Ses yeux s'habituèrent peu à peu à la semi-obscurité. Il était recroquevillé dans la terre sèche qui entourait le village. Au loin, une colonne de fumée noire s'élevait vers les étoiles. Là où s'était trouvée l'auberge juste avant, il ne restait plus que des gravas carbonisés.

Toujours étendu au sol, le lieutenant tourna un peu la tête pour observer ce qu'il y avait aux alentours. Saya était assise à un mètre de lui, les poings liés par une corde, elle avait du sang sur le visage. Il sentait l'odeur des chevaux tout près et entendait la voix de plusieurs hommes sans les voir.

— On a perdu Ramona et Vito, râla l'un d'eux.

— On se partagera leur part de la récompense, ricana un autre.

C'était donc des chasseurs de prime qui voulaient les vendre à l'empire. Ils n'étaient finalement pas aussi en sécurité qu'ils l'avaient espéré en venant en Sumérie.

— L'avis de recherche ne précise pas s'ils sont voulus morts ou vifs, nota quelqu'un.

— Dans le doute gardons ces deux-là en vie, répondit un autre.

Ces deux-là ?

Taïk se redressa vivement mais un coup de botte dans la mâchoire le renvoya aussitôt à terre. Des taches sombres dansaient encore devant ses yeux quand les sabots d'un cheval frappèrent le sol juste devant lui. Quelqu'un le tira par le bras pour le remettre sur pied et lui ordonna de monter sur l'animal, sans toutefois lui détacher les mains. Nauséeux et blessé, il s'y reprit à plusieurs fois avant d'y arriver.

Une fois qu'il fut en selle, les hommes poussèrent Saya contre les flancs du cheval en lui demandant d'y grimper à son tour. Elle avait l'air moins déstabilisée que le lieutenant et prit rapidement place devant lui. En montant elle avait cherché le regard de son compagnon mais il semblait encore égaré quelque part entre inconscience et réalité.

Les chasseurs de prime, au nombre de quatre, montaient chacun un cheval et l'un d'eux tenait la longe de la monture qui transportait leurs prisonniers. Le petit convoi avançait au pas quand Taïk remarqua un sixième cheval à la suite de l'un des hommes.

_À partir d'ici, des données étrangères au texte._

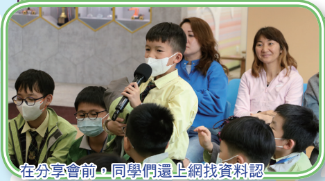
在分享會前，同學們還上網找資料認識尹導演，主動提出問題，讓尹導演和蘇媽媽感到驚訝。
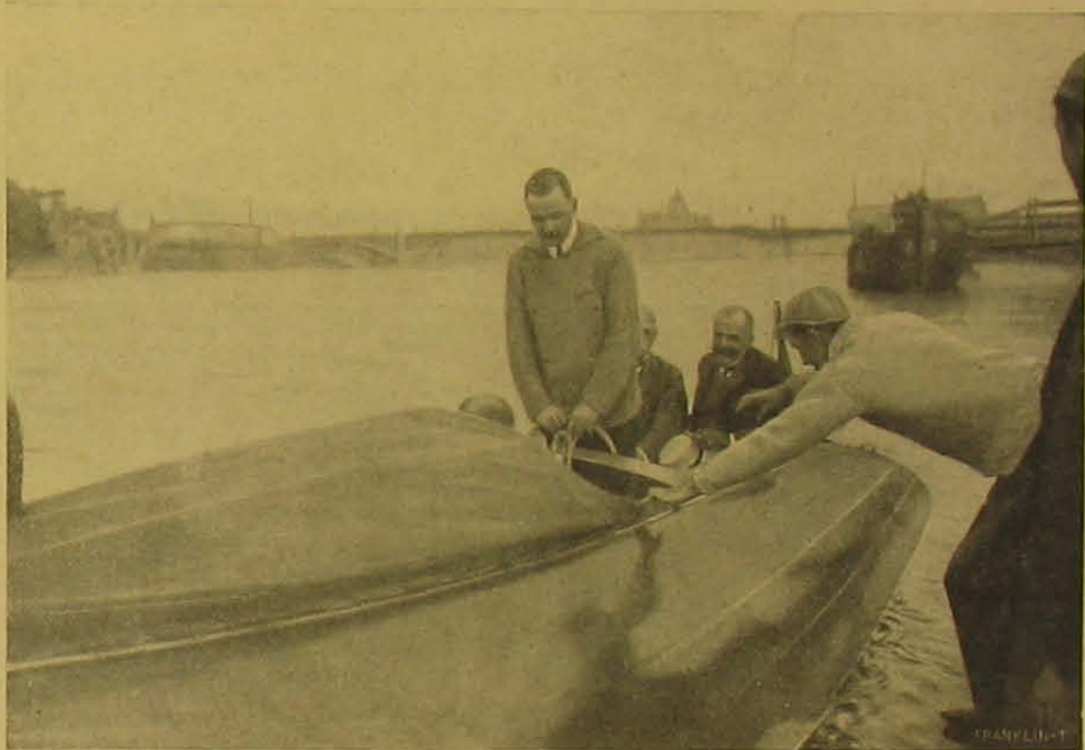
Indulás ; a csónakban Korvin főhadnagy mögött Jekelfalussy honvédelmi miniszter és Fülepp Kálmán főpolgármester.

Personne ne montait l'animal, mais une grosse couverture semblait avoir été roulée puis jetée en travers de la selle. Une couverture de laquelle dépassait une petite main recouverte de suie.

— Sat... Satine... articula Taïk d'une voix prise de tremblements irrépressibles.

Saya s'adossa contre le torse du lieutenant pour le soutenir alors qu'il ne songeait qu'à s'effondrer.

— Tiens bon, implora-t-elle à voix basse. M'abandonne pas maintenant.

Taïk prit appui sur la jeune femme et ferma les yeux. Une chape de plomb coula sur lui et il sombra dans une semi-inconscience tourmentée.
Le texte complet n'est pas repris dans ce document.